# Blackfin Tuna @ 'The Edge' ???



## REEL STAMAS (Jan 27, 2008)

Ok, guys... I've caught the occasional BlFT trolling for Kings or Wahoo, but never really targeted them. I've heard that the BlFT bite @ 'The Edge' off the FL. Panhandle (I live in Panama City Beach) is really good in the fall. Can you guys that target BlFT help me by telling me the best time(s) of year, the best water T*(s) & depth(s) & the best techniques for success w/ BlFT ??? Thanks again...:thumbsup:


----------



## Deeplines (Sep 28, 2007)

Use the search button.

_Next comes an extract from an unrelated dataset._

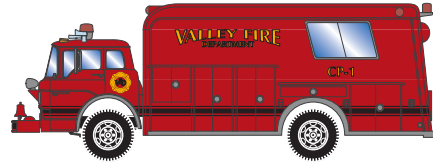
ATH29468 Valley Fire Dept. CMD CP-1 ATH29469 Valley Fire Dept. CMD CP-2

I would help you but I'm using my phone to type this, it just takes to long.

Short answers.... Now , chunk and chum, freelines hope the waves and wind is not out of south.


----------



## younghooker (Oct 7, 2007)

on the 29 fathom edge... ledges near the Alaska ( 2935.90 x 8614.10 ) out of PC.. wahoo also... chunk chum they'll be mixed in with bonitos.. troll cedar plugs.. small ilanders, tuna tango @ Half Hitch.. they love pinfish.. flouro leaders.. find a shrimp boat... good in fall.. spring too.. we' caught 'em off Navarre.. cobia fishing pulling a small spoon for Spanish.. bleed 'em for best eating


----------



## lastcast (Oct 12, 2007)

Can't say we've targeted them but, I caught one last week at the edge running under the 4 to 5 pound Bonito's.


----------